The committee is tasked with examining federal intrusion into areas of provincial jurisdiction. “The federal government has intensified a worrying trend toward centralization and encroachment,” Mr. Legault said on June 7 during a speech in the legislature with strong nationalist overtones. “We must continue to strengthen Quebec’s autonomy, preserve its rights and obtain more powers in fundamental areas.”
On June 10, Prime Minister Justin Trudeau dismissed the move as a political response to the rise in popularity of the sovereigntist Parti Québécois, which has been leading in provincial polls since the fall.
“I know Mr. Legault is under a fair bit of pressure from the PQ right now,” Mr. Trudeau told reporters after a meeting with Mr. Legault in Quebec City. “There’s nothing inherently threatening about a province deciding to look at ways of improving our democracy.”
Charles Breton, executive director of the Centre of Excellence on the Canadian Federation at the Institute for Research on Public Policy, said the committee’s creation is mostly about Quebec’s internal politics. “I think the prime minister is entirely correct to not be too worried,' he said in an interview Tuesday.
Mr. Breton said some of the issues the committee has been instructed to study are “more political than anything,” including federal spending in areas of provincial policy.
On June 7, Mr. Legault insisted Ottawa’s intrusion into provincial matters “limits the right of the Quebec nation to make its own choices.”
It’s “absolutely true,” Mr. Breton said, that nationally Ottawa has used its spending power to direct provincial policy, including through federal child care and dental care programs. But in those cases, Mr. Breton pointed out, Quebec has been able to opt out of the national programs and seek compensation. “So I’m not sure what they’re complaining about, in a way,” he said.
The announcement of the new committee came ahead of the June 10 meeting between Mr. Trudeau and Mr. Legault to discuss immigration. Mr. Legault says the 560,000 temporary immigrants in the province are putting an enormous strain on housing and health care. He has demanded Quebec be given full power over immigration—at one point threatening a referendum on the issue—and the new autonomy committee has been instructed to study that demand.

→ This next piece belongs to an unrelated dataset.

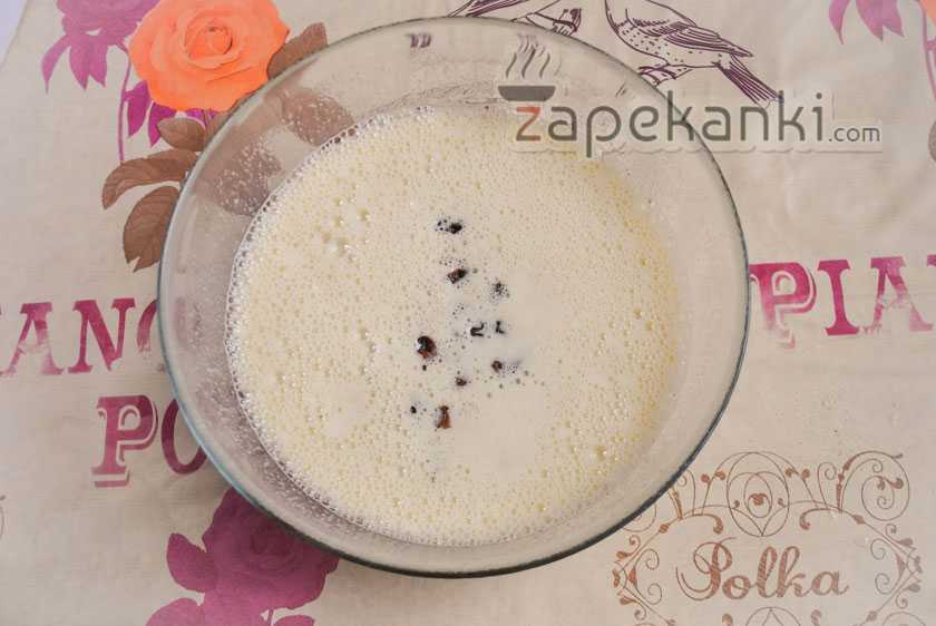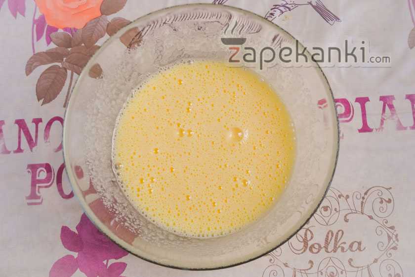 - Яйца тщательно разотрите с сахарным песком. Затем влейте к ним тёплое молоко.

But on June 10, Mr. Trudeau offered the Legault government $750 million to help ease the pressure from temporary immigrants in the province. It was less than the $1 billion Mr. Legault had asked for, but Mr. Breton said the money should help to “de-escalate the conflict.”
Daniel Béland, a political scientist at McGill University, compared the committee to Alberta’s Fair Deal panel, struck in 2019 by former premier Jason Kenney to examine whether that province was getting shortchanged by Ottawa. That committee, he said, was helpful in crafting the Alberta government’s agenda. “But the report itself I don’t think had a very strong impact in terms of swaying the federal government in one way or another,” he said.

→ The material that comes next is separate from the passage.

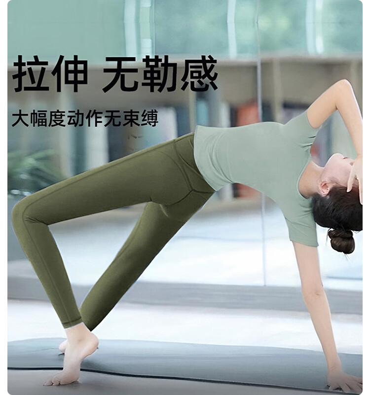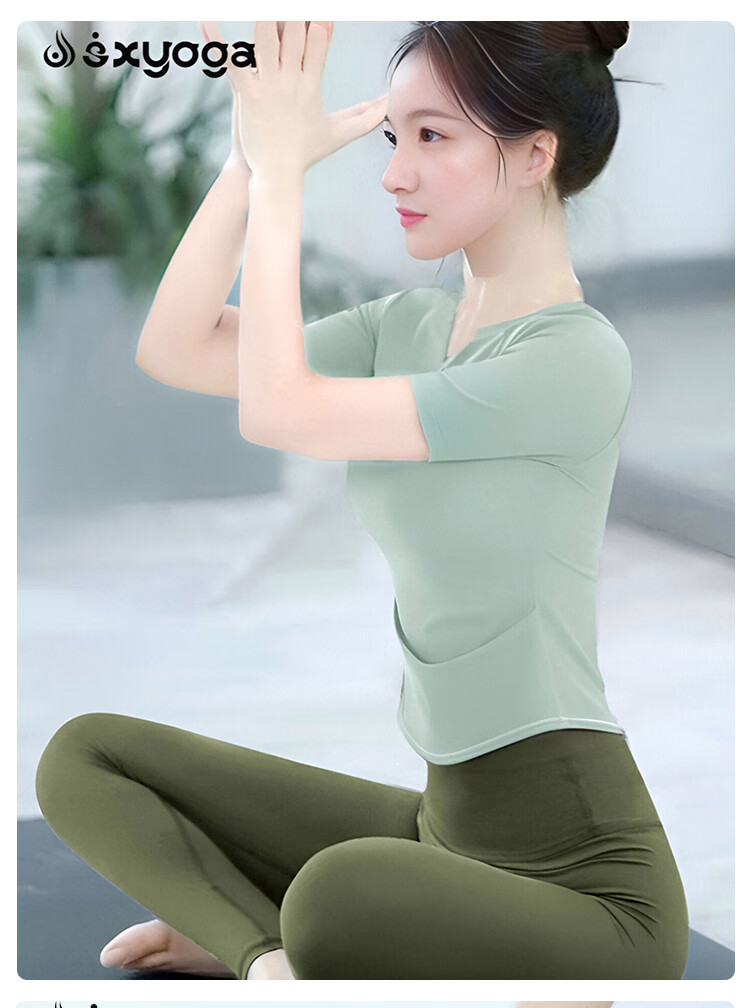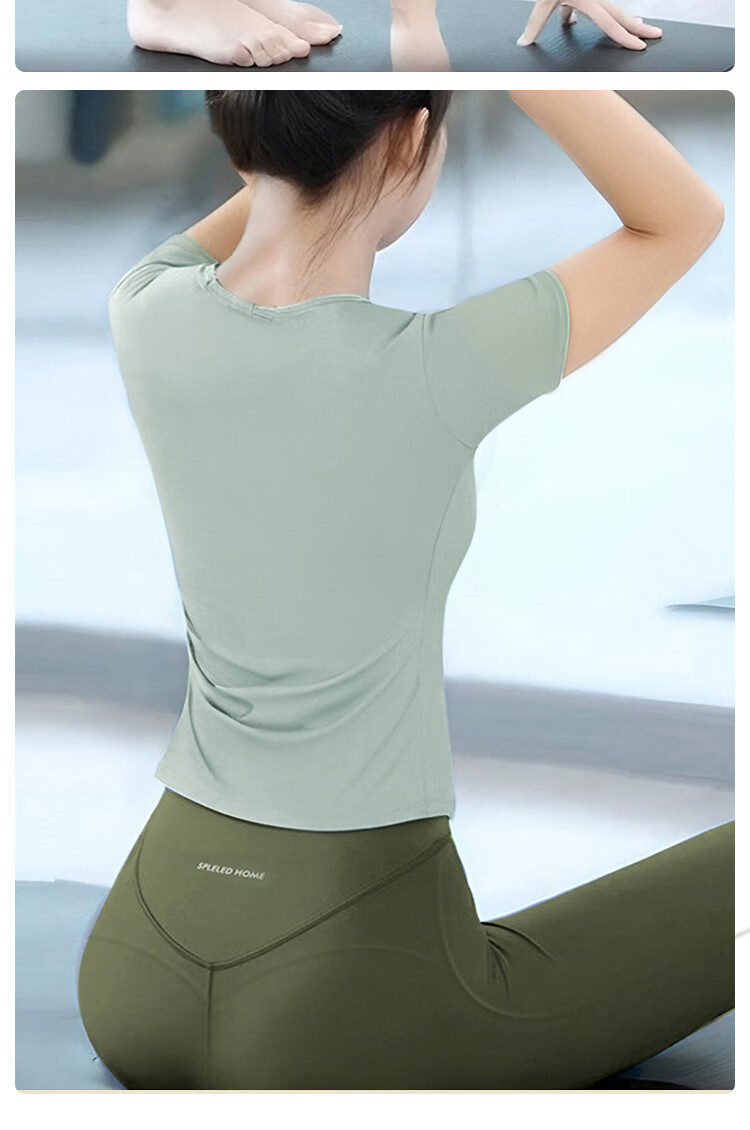 Double show high-end yoga wear Pilates, beautiful slimming belly-covering short-sleeved outer wear, fashionable and western-style sports fitness suit, dark green short-sleeved + moss green suit XL 120-135

Mr. Béland said in an interview that Mr. Legault has struggled to increase Quebec’s powers, including over immigration. “He’s been accused by the opposition parties of failing in that regard,” he said. “This is a reflection of the fact that François Legault needs to please the nationalist base and needs to show that he really can defend Quebec.”
But it will be a “tall order” for the committee to tackle such a broad mandate with recommendations due on Oct. 15, Mr. Béland said.
The committee is comprised mainly of academics and will be co-chaired by Sébastien Proulx, a former provincial Liberal cabinet minister, and Guillaume Rousseau, a law professor who helped draft Quebec’s contentious secularism law, Bill 21.
“I’m going to be looking for something that’s actionable … and I’m not sure that’s what we’ll see,” Mr. Breton said. “I think it’s useful from time to time to do exercises like this one. I don’t see that as a useless committee. Not at all. But I would also not make too much out of it.”